Below is a listing. Return the lines from the one that contains "CallBack -> API" to the one that contains "Volant und Bindeband", both ends included, verbatim and with no pictures.

* _Dataset extract_

---

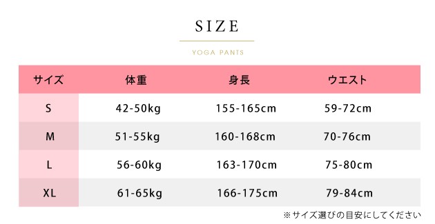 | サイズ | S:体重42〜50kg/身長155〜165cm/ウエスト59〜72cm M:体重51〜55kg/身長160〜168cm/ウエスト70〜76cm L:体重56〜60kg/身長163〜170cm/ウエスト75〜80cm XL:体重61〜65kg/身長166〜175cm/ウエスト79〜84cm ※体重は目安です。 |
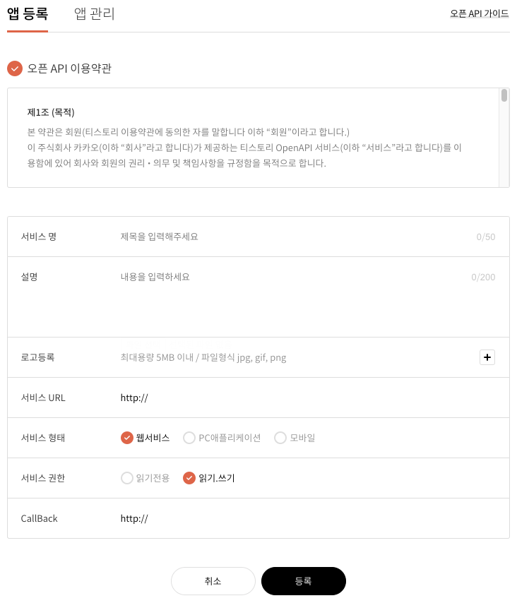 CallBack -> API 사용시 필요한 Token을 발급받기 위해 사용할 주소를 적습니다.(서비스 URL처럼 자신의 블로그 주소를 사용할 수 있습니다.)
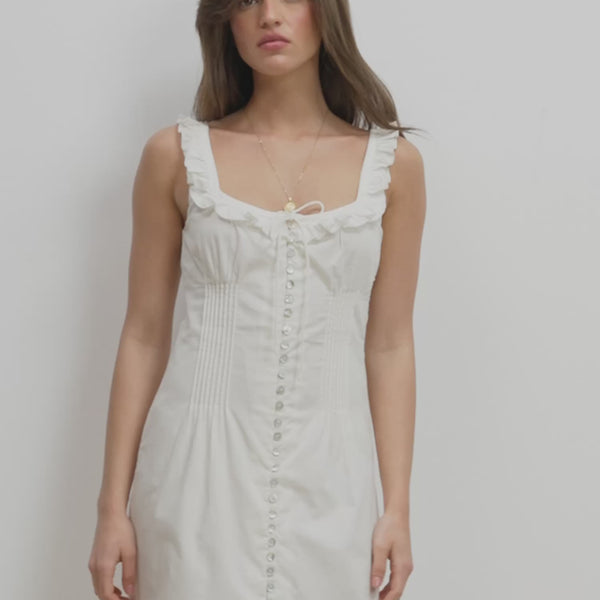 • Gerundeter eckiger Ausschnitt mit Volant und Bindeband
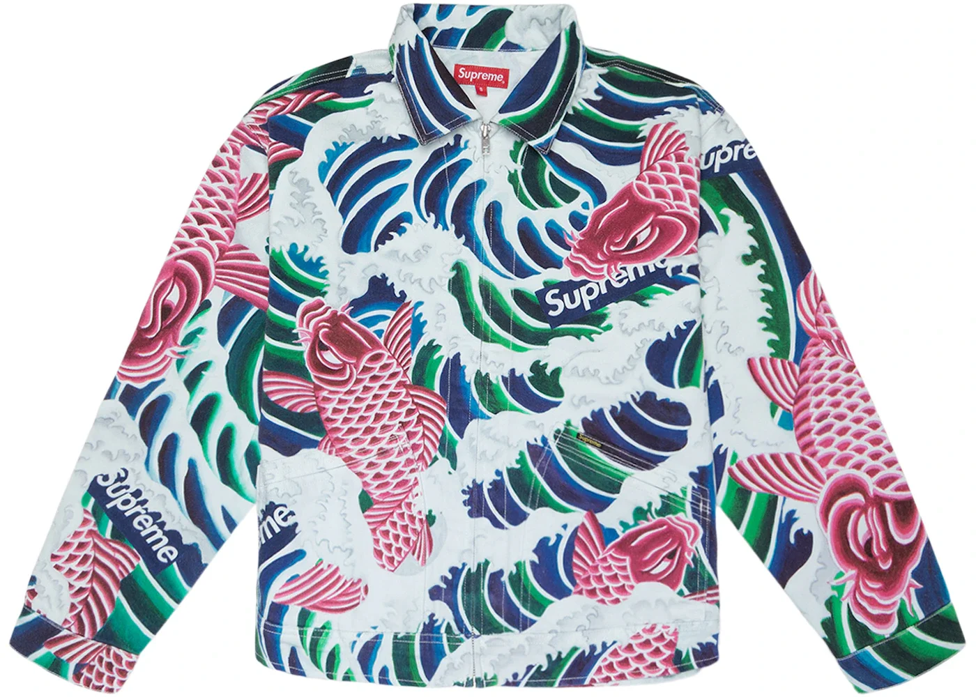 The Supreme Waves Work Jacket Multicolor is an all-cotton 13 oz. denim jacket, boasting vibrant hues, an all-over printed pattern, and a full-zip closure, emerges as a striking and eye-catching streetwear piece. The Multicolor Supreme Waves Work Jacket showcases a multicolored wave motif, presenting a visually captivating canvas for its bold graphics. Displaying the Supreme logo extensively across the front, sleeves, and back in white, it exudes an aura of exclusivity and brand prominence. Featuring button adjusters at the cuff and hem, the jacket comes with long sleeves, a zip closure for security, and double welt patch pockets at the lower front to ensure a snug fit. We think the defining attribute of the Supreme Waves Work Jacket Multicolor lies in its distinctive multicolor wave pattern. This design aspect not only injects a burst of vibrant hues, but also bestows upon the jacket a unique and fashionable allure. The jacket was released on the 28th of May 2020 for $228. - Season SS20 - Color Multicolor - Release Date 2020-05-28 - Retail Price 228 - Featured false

---

* _Answer to the problem_
 CallBack -> API 사용시 필요한 Token을 발급받기 위해 사용할 주소를 적습니다.(서비스 URL처럼 자신의 블로그 주소를 사용할 수 있습니다.)
 • Gerundeter eckiger Ausschnitt mit Volant und Bindeband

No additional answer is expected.